The orphan nuclear receptor 4A2 (NR4A2) has been extensively characterized in subcellular regions of the brain and is necessary for the function of dopaminergic neurons. The NR4A2 ligand, 1,1-bis (31-indoly1)-1-(p-chlorophenyl)methane (DIM-C-pPhCl) inhibits markers of neuroinflammation and degeneration in mouse models and in this study we investigated expression and function of NR4A2 in glioblastoma (GBM).

Methods

Established and patient-derived cell lines were used as models and the expression and functions of NR4A2 were determined by western blots and NR4A2 gene silencing by antisense oligonucleotides respectively. Effects of NR4A2 knockdown and DIM-C-pPhCl on cell growth, induction of apoptosis (Annexin V Staining) and migration/invasion (Boyden chamber and spheroid invasion assay) and transactivation of NR4A2-regulated reporter genes were determined.
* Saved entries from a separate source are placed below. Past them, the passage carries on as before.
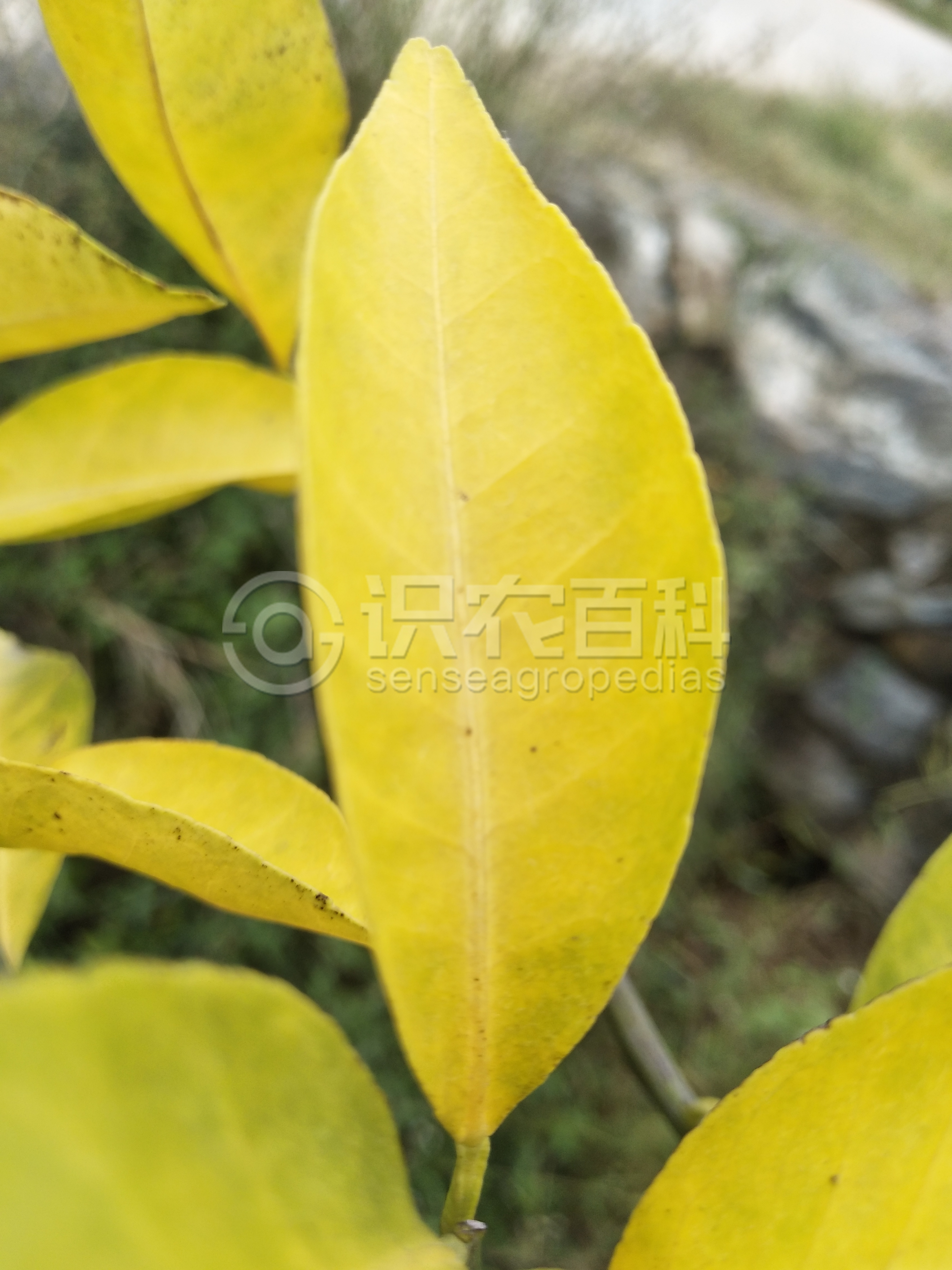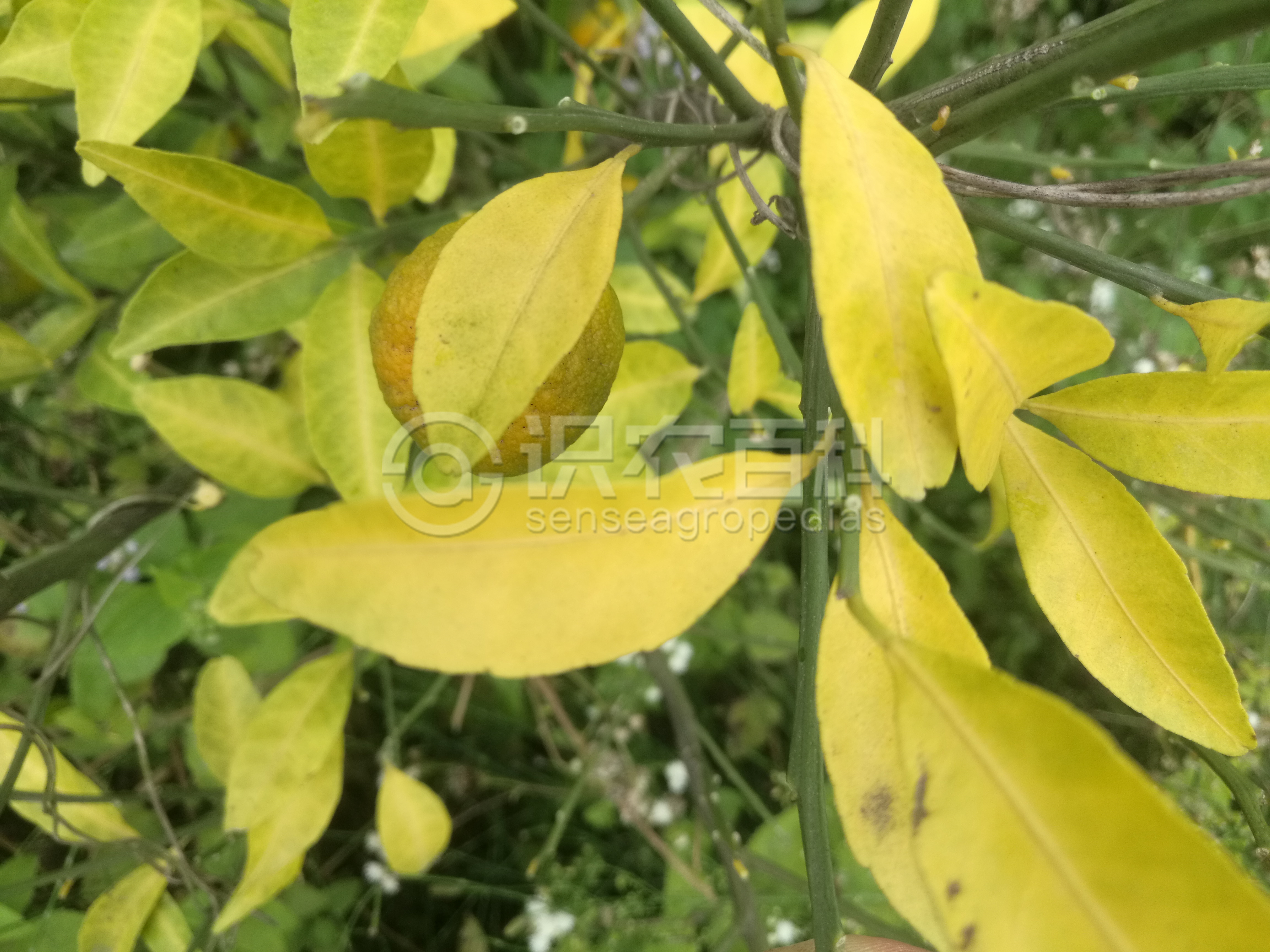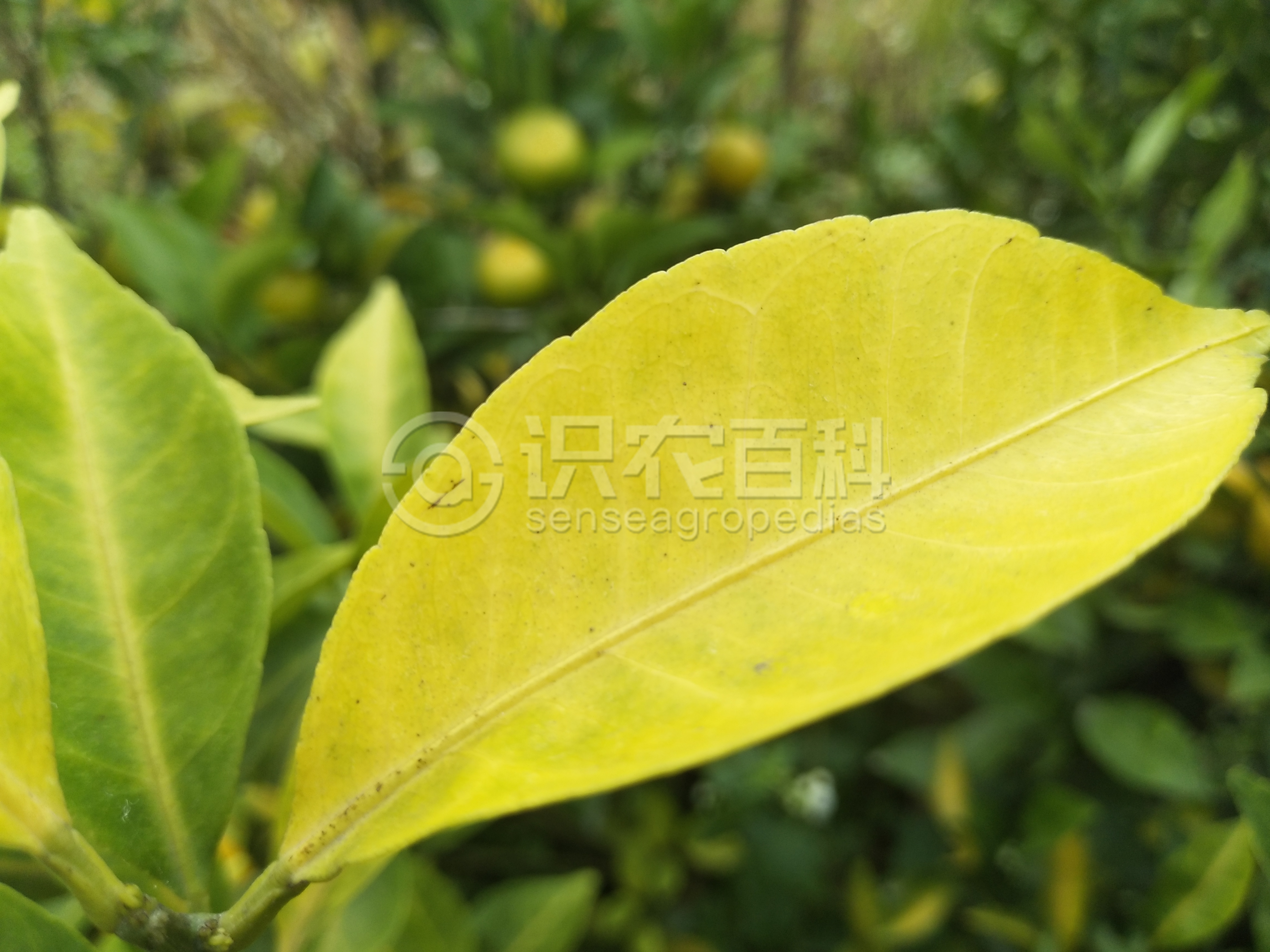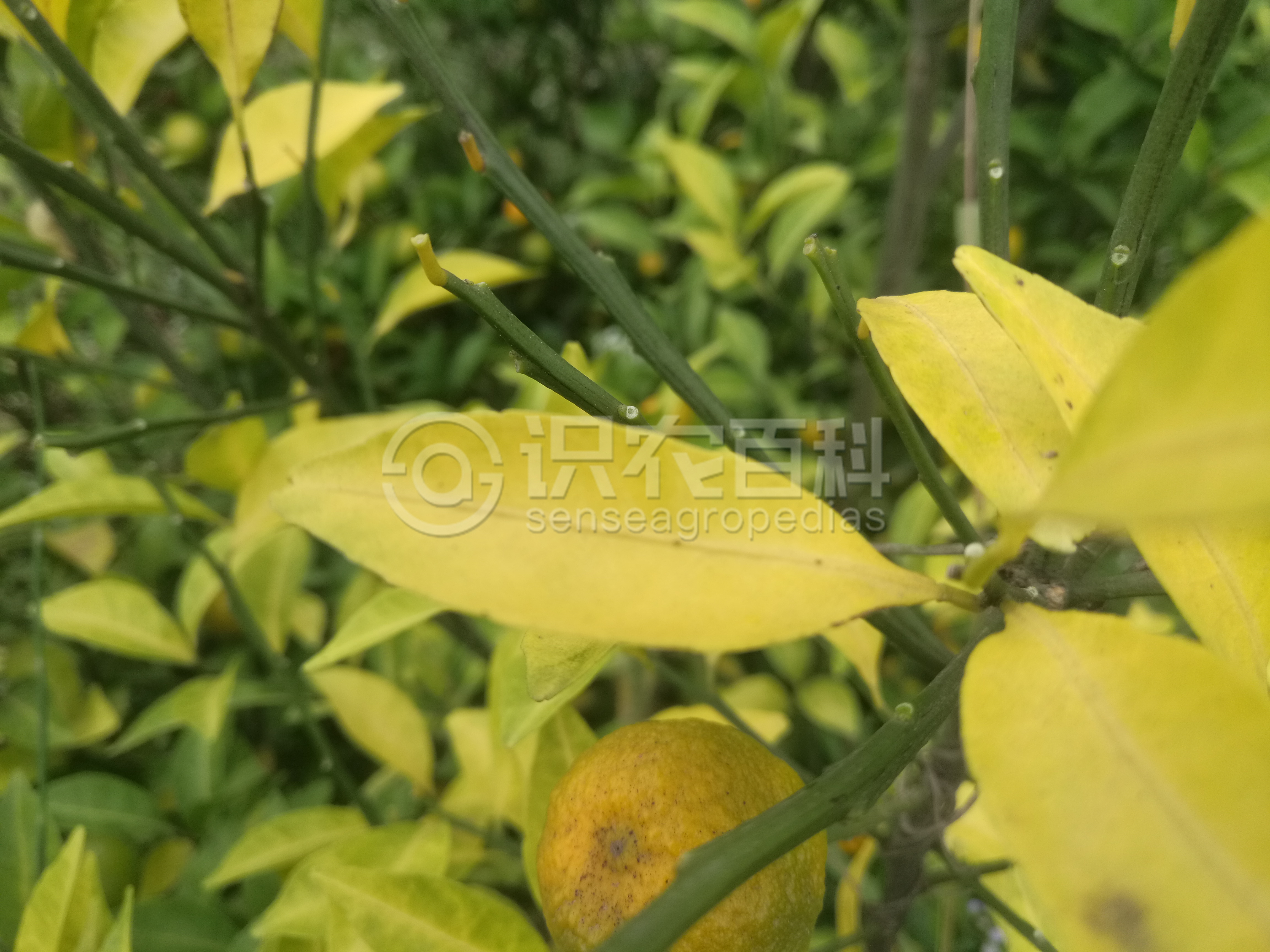 柑橘缺氮時,新梢纖細,葉小而薄,淡綠色至淡黃色,葉片硬直或叢生,或提早脫落,落花落果明顯。嚴重缺氮時,新梢全部發黃,花少或無花。缺氮初期,一般是樹冠下部的老葉先發生不同程度的黃化,部分綠葉表現出不規則的黃綠交織的雜斑,隨后全部葉片黃化脫落。長期缺氮時,植株矮小,葉均勻黃化,小枝枯死,花少果小,早熟,果味差。
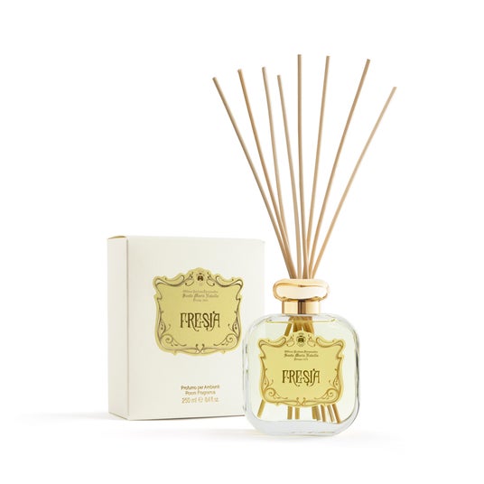 フリージアサンタ・マリア・ノヴェッラを代表する香りのひとつであるフリージアの繊細な香りは家中のどのお部屋にもマッチするでしょう。南アフリカ原産のフリージアの花の物語をローズ、バイオレット、ムスクたちが繊細なハーモニーとともに伝えてくれます。「神秘」と「未知の魅力」という花言葉を持つフリージアの爽やかで優美な香りをお楽しみください。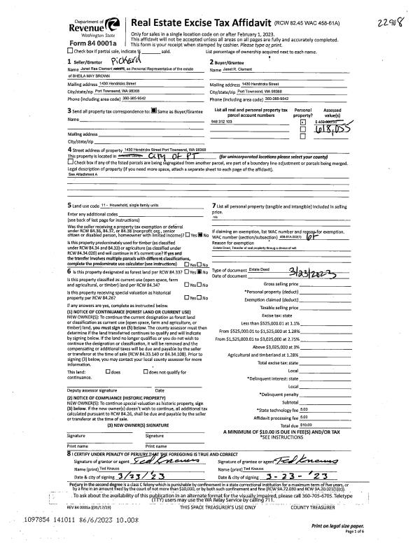 | 1 | 03/23/2023 | PRD | Personal Representatives Deed | JANET R CLEMENT PICKARD PERSONAL REPRESENTATIVE | JANET R CLEMENT | | | | 141011 | |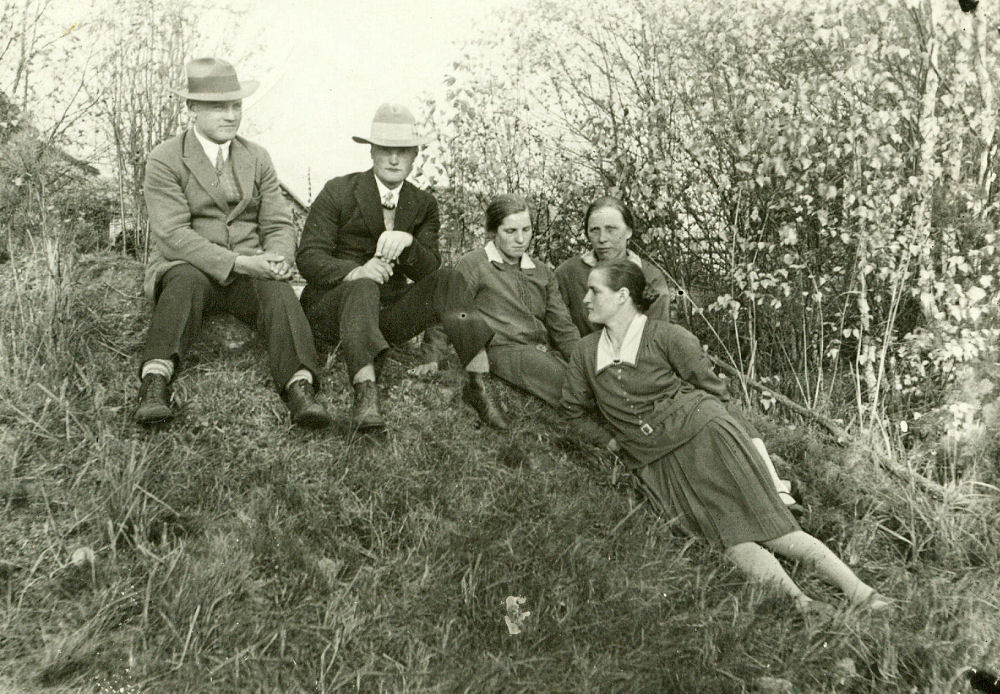 Vas. Matti Välimäki (kaatui), Vihtori Murtomäki (edellisenä iltana Vihtori oli olllut Hirvijoen nuorisoseuran tansseissa järjestysmiehenä, Hirvelän Lauri oli päässyt lyömään puukolla oikeaan peukaloon, piilottelee sitä), Kyllikki Murtomäki (m. Kuikka), Maija Luostari (taempana, oli 'poika-Kaapon' tuvalla piikana), Sanna-Maija Murtomäki (Välimäki/Koivisto)

Tumor growth was investigated in athymic nude mice bearing U87-MG cells as xenografts.

Results

NR4A2 knockdown and DIM-C-pPhCl inhibited GBM cell and tumor growth, induced apoptosis and inhibited migration and invasion of GBM cells. DIM-C-pPhCl and related analogs also inhibited NR4A2-regulated transactivation (luciferase activity) confirming that DIM-C-pPhCl acts as an NR4A2 antagonist and blocks NR4A2-dependent pro-oncogenic responses in GBM.

Conclusion

We demonstrate for the first time that NR4A2 is pro-oncogenic in GBM and thus a potential druggable target for patients with tumors expressing this receptor. Moreover, our bis-indole-derived NR4A2 antagonists represent a novel class of anti-cancer agents with potential future clinical applications for treating GBM.

Graphic abstract

Keywords

NR4A2 Glioblastoma NR4A2 antagonist Growth inhibition 

Notes

Acknowledgements

This work was supported by the National Institutes of Health [P30-ES023512 (SS), R01-ES025713 (SS), R01-CA202697 (SS), and T32-ES026568 (KK)], Texas A&M AgriLife Research (SS), the Sid Kyle Chair Endowment (SS), and the Karmanos Cancer Institute (SM).

Author contributions

Study conception and design: S.K.M., S.M., S.H.S. Analysis and interpretation of data: All authors. Experimentation: K.K., S.K.M. Generation of Data: K.K., X.L., U.J., K.M., M.Z., S.K.M. Drafting of manuscript: S.K.M., S.M., S.H.S. Final approval of article: All authors.

Funding

This research received federal grant and University funding as indicated under funding.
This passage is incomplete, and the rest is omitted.